*PROBLEM TO WORK ON:*
Here, the job is to give back every entry below unchanged, omitting pictures.

[Extracted records]
>>

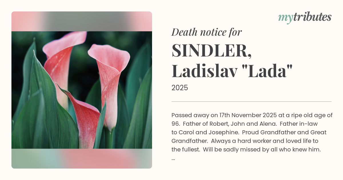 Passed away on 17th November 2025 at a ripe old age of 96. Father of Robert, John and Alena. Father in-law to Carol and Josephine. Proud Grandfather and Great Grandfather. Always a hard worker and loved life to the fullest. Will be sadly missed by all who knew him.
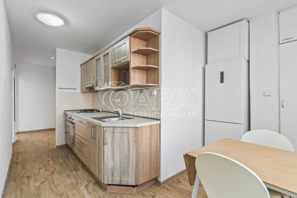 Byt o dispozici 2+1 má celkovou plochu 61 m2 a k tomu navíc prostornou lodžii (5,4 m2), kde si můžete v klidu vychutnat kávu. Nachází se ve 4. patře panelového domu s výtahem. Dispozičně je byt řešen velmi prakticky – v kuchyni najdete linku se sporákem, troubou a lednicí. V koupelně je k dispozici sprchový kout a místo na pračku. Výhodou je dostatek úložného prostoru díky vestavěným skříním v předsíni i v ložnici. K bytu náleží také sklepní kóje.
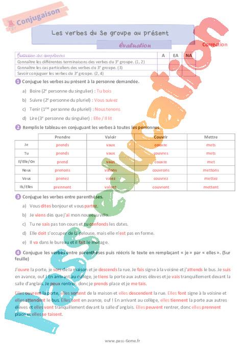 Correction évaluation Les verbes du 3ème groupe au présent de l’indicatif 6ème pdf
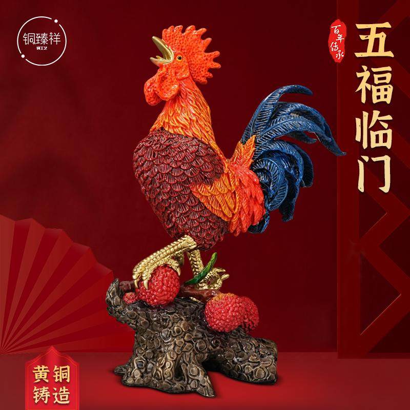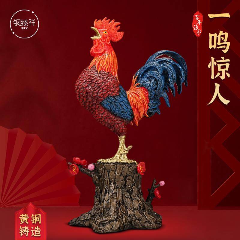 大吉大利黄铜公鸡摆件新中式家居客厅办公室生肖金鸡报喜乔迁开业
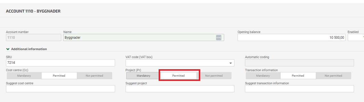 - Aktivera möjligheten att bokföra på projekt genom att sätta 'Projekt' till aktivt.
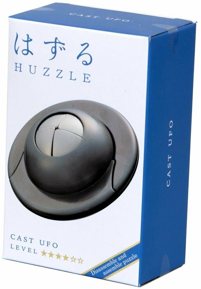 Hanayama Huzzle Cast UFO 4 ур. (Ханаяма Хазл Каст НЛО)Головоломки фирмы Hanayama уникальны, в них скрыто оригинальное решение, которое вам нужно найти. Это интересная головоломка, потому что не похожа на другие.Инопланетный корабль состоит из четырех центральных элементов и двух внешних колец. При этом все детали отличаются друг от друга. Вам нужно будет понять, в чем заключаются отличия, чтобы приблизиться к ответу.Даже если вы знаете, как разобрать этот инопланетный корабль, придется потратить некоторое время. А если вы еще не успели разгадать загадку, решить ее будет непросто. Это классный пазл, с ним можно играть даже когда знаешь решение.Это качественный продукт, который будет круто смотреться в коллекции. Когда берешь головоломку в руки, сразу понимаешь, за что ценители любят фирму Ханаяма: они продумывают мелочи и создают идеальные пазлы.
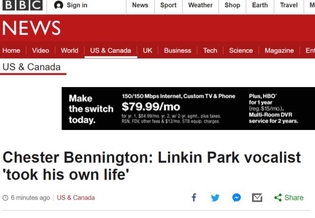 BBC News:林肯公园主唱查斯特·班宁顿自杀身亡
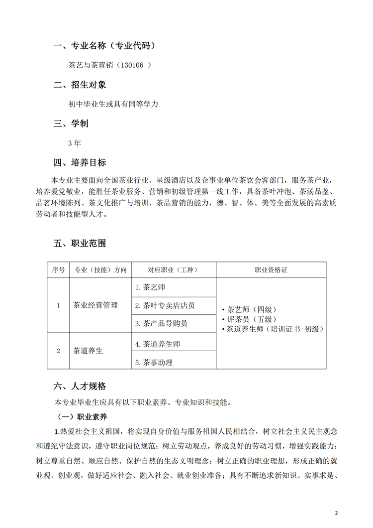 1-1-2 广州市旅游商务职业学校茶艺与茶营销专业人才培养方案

<<

*THE ANSWER:*
 Passed away on 17th November 2025 at a ripe old age of 96. Father of Robert, John and Alena. Father in-law to Carol and Josephine. Proud Grandfather and Great Grandfather. Always a hard worker and loved life to the fullest. Will be sadly missed by all who knew him.
 Byt o dispozici 2+1 má celkovou plochu 61 m2 a k tomu navíc prostornou lodžii (5,4 m2), kde si můžete v klidu vychutnat kávu. Nachází se ve 4. patře panelového domu s výtahem. Dispozičně je byt řešen velmi prakticky – v kuchyni najdete linku se sporákem, troubou a lednicí. V koupelně je k dispozici sprchový kout a místo na pračku. Výhodou je dostatek úložného prostoru díky vestavěným skříním v předsíni i v ložnici. K bytu náleží také sklepní kóje.
 Correction évaluation Les verbes du 3ème groupe au présent de l’indicatif 6ème pdf
 大吉大利黄铜公鸡摆件新中式家居客厅办公室生肖金鸡报喜乔迁开业
 - Aktivera möjligheten att bokföra på projekt genom att sätta 'Projekt' till aktivt.
 Hanayama Huzzle Cast UFO 4 ур. (Ханаяма Хазл Каст НЛО)Головоломки фирмы Hanayama уникальны, в них скрыто оригинальное решение, которое вам нужно найти. Это интересная головоломка, потому что не похожа на другие.Инопланетный корабль состоит из четырех центральных элементов и двух внешних колец. При этом все детали отличаются друг от друга. Вам нужно будет понять, в чем заключаются отличия, чтобы приблизиться к ответу.Даже если вы знаете, как разобрать этот инопланетный корабль, придется потратить некоторое время. А если вы еще не успели разгадать загадку, решить ее будет непросто. Это классный пазл, с ним можно играть даже когда знаешь решение.Это качественный продукт, который будет круто смотреться в коллекции. Когда берешь головоломку в руки, сразу понимаешь, за что ценители любят фирму Ханаяма: они продумывают мелочи и создают идеальные пазлы.
 BBC News:林肯公园主唱查斯特·班宁顿自杀身亡
 1-1-2 广州市旅游商务职业学校茶艺与茶营销专业人才培养方案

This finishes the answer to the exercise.